AMERICAN NUNS AND THE VATICAN: MORE PAIN THAN PROMISE

UNITED STATES
Religion Dispatches

BY MARY E. HUNT DECEMBER 18, 2014

The other shoe dropped on December 16, 2014 at a press conference announcing the “final report” on at least one phase of the long-simmering Vatican struggle with U.S. Catholic sisters.

It was not a red Prada slipper, and the devil is still in the details.

Despite herculean efforts to make nice, the 12-page report and its presentation reinforce the Roman Catholic Church’s patriarchal power paradigm. And although many have hailed the report as a sign of the Vatican’s warming toward women, I am not convinced.

Six Years of Scrutiny

The first shoe dropped in 2008 when Cardinal Franc Rodé announced an Apostolic Visitation of active women’s religious communities. The goal of the inquiry—akin to a grand jury— was “to look into the quality of life of apostolic Congregations of women religious in the United States.”

The benign-sounding rhetoric was, to those in the know, an unmistakable signal of disapproval of how women religious were living increasingly self- and community-directed lives.

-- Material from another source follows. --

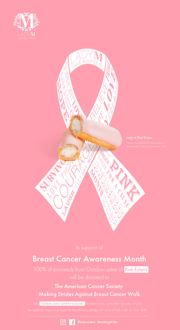 How can Lady M fans participate? Visit Lady M's Pink for A Cause page to learn more and 1) Purchase Pink Éclairs (available at all Lady M U.S. boutiques from Oct. 1-31, 2019). 2) Join our Lady M New York team for the Making Strides of Central Park Walk on Oct. 20, 2019. 3) Donate directly online.

The Visitation was in no way experienced by the subjects or meant by the perpetrators “to convey the caring support of the Church in respectful, ‘sister-to-sister’ dialogue, as modeled in the Gospel account of the Visitation of Mary to her cousin Elizabeth” as one “eyebrow-raising paragraph” in the report asserted—this revisionist history is pure fantasy.